# It did not take any more for him to rebel against the old habits



## Baltic Sea

Witam ponownie!

Czy "It did not take any more for him to rebel against the old habits" można przetłumaczyć jako "Wystarczyło to (już), aby się zbuntował przeciwko starym zwyczajom" lub "To przelało czarę goryczy i zbuntował przeciwko starym zwyczajom".

Dziękuję. Źródło: Termin ten pochodzi Dwumiesięcznika English Matters "Time to go green! World Vegetarian Day.Na stronie 32, w drugiej kolumnie, pierwszym akapicie, 3 zdaniu jest połowa zdania - tekst, o którym mowa:*It did not take any more for him to rebel against the old habits*.
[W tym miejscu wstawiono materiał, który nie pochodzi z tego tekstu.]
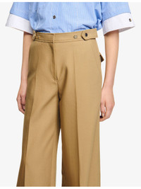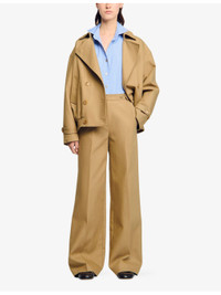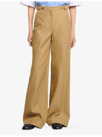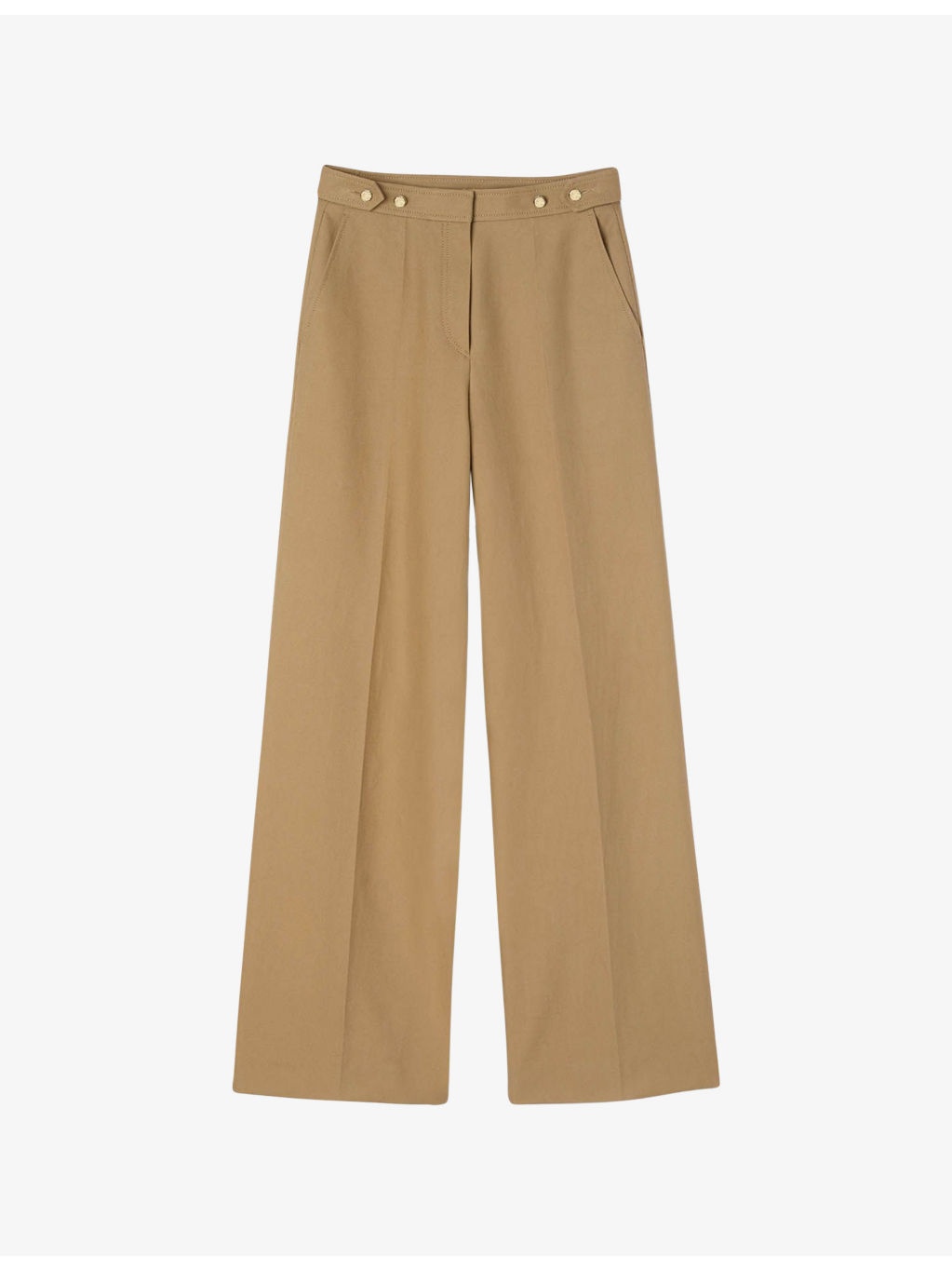 PRODUCT DETAILS - Sandro cotton trousers - 100% cotton - Button and zip-fly fastening - Regular fit, high-rise, wide leg, side adjusters, side pockets, back flap pockets, pressed creases - Dry clean - True to size - Model is 5ft 10in/1.78m and wears a size UK 8 - Lightweight, non-stretch Ref: R04490514

Mowa jest o złym traktowaniu koni przez ojca amerykanina Monty Roberts.


----------



## dreamlike

_To wystarczyło by zaczął zwalczać stare nawyki.
_
Tak bym to najzgrabniej przełożył.


----------



## kknd

popieram – bardzo zgrabne i naturalne.


----------



## LilianaB

Yes, I agree. Dreamlike's translation sounds really good.


----------



## Ben Jamin

kknd said:


> popieram – bardzo zgrabne i naturalne.



Ale bardziej odbiega od oryginału. _To __rebel_ to nie to samo co _zwalczać._


----------



## LilianaB

Było początkiem buntu przeciw, sygnałem do buntu -- maybe.


----------



## kknd

może lepsze byłoby „walczyć” – w języku polskim ze złymi nawykami istotnie się walczy. a może nawet coś takiego: „to wystarczyło, by stare nawyki zaczęły mu przeszkadzać”?


----------



## Baltic Sea

Thank you all very much.


----------